Beyond REST: .NET Apps That Talk to Hardware | DEM365
Jared Rhodes demonstrates a practical .NET pattern for building apps that connect to real hardware, including device discovery over BLE and data exchange over NFC, serial, and USB. The session focuses on structuring device services, handling cross-platform differences, and choosing local connectivity when cloud APIs aren’t the right fit.
Overview
This Microsoft Build 2026 demo goes beyond typical REST-based examples and shows how a .NET application can communicate directly with devices using local connectivity options.
Why local connectivity (and why MAUI/Uno)
- The session frames scenarios where talking to hardware locally is a better fit than routing everything through cloud APIs.
- It highlights mobile and cross-platform considerations, calling out .NET MAUI and Uno Platform as enablers for hardware-based experiences.
Pattern: structuring “device services” in a .NET app
- A practical approach is presented for organizing hardware communication into device-focused services.
- The goal is to keep platform-specific differences contained while exposing a consistent workflow to the rest of the app.
BLE device discovery and Bluetooth services
- The demo includes discovering a device over Bluetooth Low Energy (BLE).
- It introduces a Bluetooth Heart Rate Service example.
- It covers the idea of Bluetooth services and UUIDs as the identifiers used to find and interact with capabilities on a device.
NFC basics and RFID comparison
- The session introduces Near Field Communication (NFC) and compares it with RFID at a conceptual level.

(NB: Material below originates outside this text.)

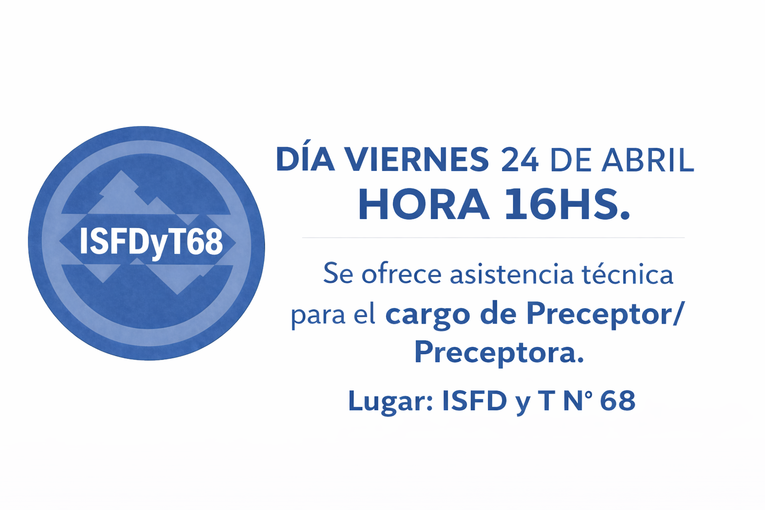 El Instituto Superior de Formación Docente y Técnica Nº 68 y la Secretaría de Asuntos Docentes comunican llamado a prueba de selección por evaluación de títulos, antecedentes y oposición para la cobertura de cargo preceptor/a según lo establecido en la Resolución Nº 6159/25. La inscripción de los aspirantes se llevará a cabo en el siguiente domicilio electrónico , isfdyt68pruebasdeselecció[email protected] que se constituye en la sede de la prueba para las inscripciones y las notificaciones.  Para inscribirse es necesario presentar Formulario 1  – Formulario 2 Anexo  9 y un único archivo pdf con toda la documentación incluyendo documento, título y probanzas correspondientes) sin excepciones.  No se considerarán presentaciones que no cumplan estos requisitos.

- It describes the NFC message reading flow, including tag discovery callbacks used by apps to react when a tag is detected.
Serial and USB communication
- The demo includes exchanging data over serial.
- It transitions into USB communication, including a device initialization process.
Agent-first tooling and MCP
- The session includes an overview of Uno Platform’s “agent-first” studio concept.
- It references an MCP server as part of that workflow.
- It also discusses challenges that come up when hardware bugs intersect with coding agents, including a test failure that points to a hardware communication issue.